__What to work on__
Practice item. Set the material below down again exactly, with no pictures.

__Recorded information__
○ ○ ○ ○
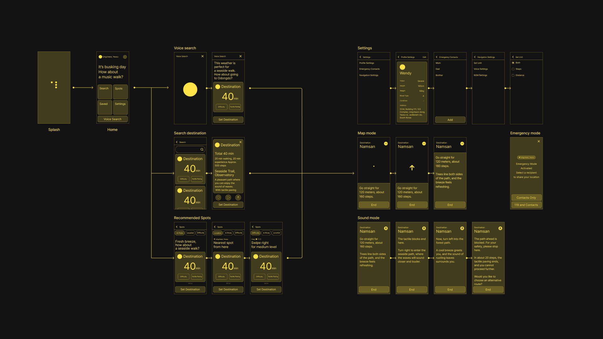 Based on these insights, I identified destination search, real-time route guidance, and emergency response as the most essential functions for visually impaired travelers.
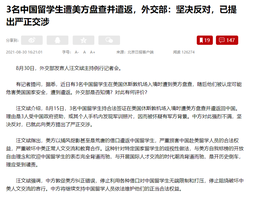 7月25號,我外交部副部長謝鋒,與美國常務副國務卿舍曼在天津會談。期間,中方向美方提出兩份清單。一份是要求美方糾正其錯誤對華政策和言行的清單,一份是中方關切的重點個案清單。在這兩份清單中,中方都提到了中國赴美留學生簽證遭到限制、在美受到無端打壓的問題,要求美方切實尊重、保護中國公民和機構在美的合法權益。
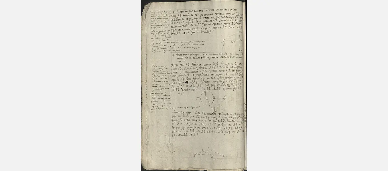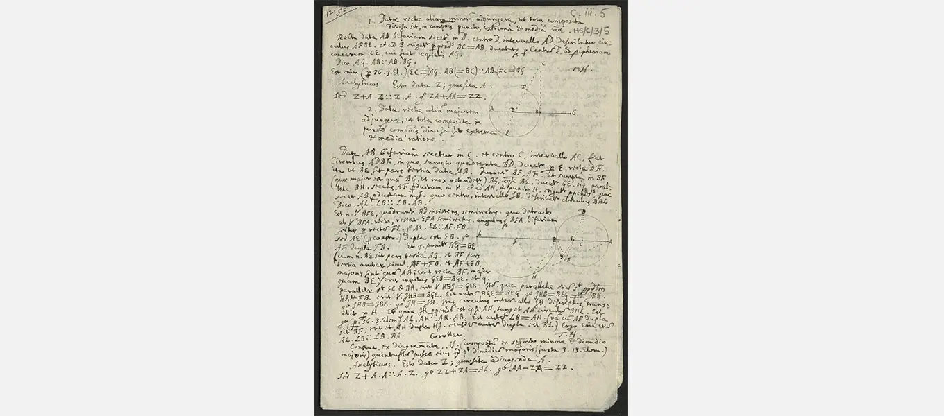 An example of this is the small collection of mathematical notes in the collection, which were once assumed to be in Hobbes’s autograph (like other items in the collection). However, it is now widely accepted that these papers are in fact the work of Robert Payne, mathematician and chaplain to the Earl of Newcastle, William Cavendish and his brother the scientist Charles Cavendish (the 3rd Earl of Devonshire’s cousins) in the 1630s. Payne served as a key figure in the intellectual and scientific circle around the Cavendish brothers which included other practitioners, such as William Oughtred, Walter Warner, John Pell, and of course Thomas Hobbes.
○ ○ ○ ○
__Solution to this task__
 Based on these insights, I identified destination search, real-time route guidance, and emergency response as the most essential functions for visually impaired travelers.
 7月25號,我外交部副部長謝鋒,與美國常務副國務卿舍曼在天津會談。期間,中方向美方提出兩份清單。一份是要求美方糾正其錯誤對華政策和言行的清單,一份是中方關切的重點個案清單。在這兩份清單中,中方都提到了中國赴美留學生簽證遭到限制、在美受到無端打壓的問題,要求美方切實尊重、保護中國公民和機構在美的合法權益。
 An example of this is the small collection of mathematical notes in the collection, which were once assumed to be in Hobbes’s autograph (like other items in the collection). However, it is now widely accepted that these papers are in fact the work of Robert Payne, mathematician and chaplain to the Earl of Newcastle, William Cavendish and his brother the scientist Charles Cavendish (the 3rd Earl of Devonshire’s cousins) in the 1630s. Payne served as a key figure in the intellectual and scientific circle around the Cavendish brothers which included other practitioners, such as William Oughtred, Walter Warner, John Pell, and of course Thomas Hobbes.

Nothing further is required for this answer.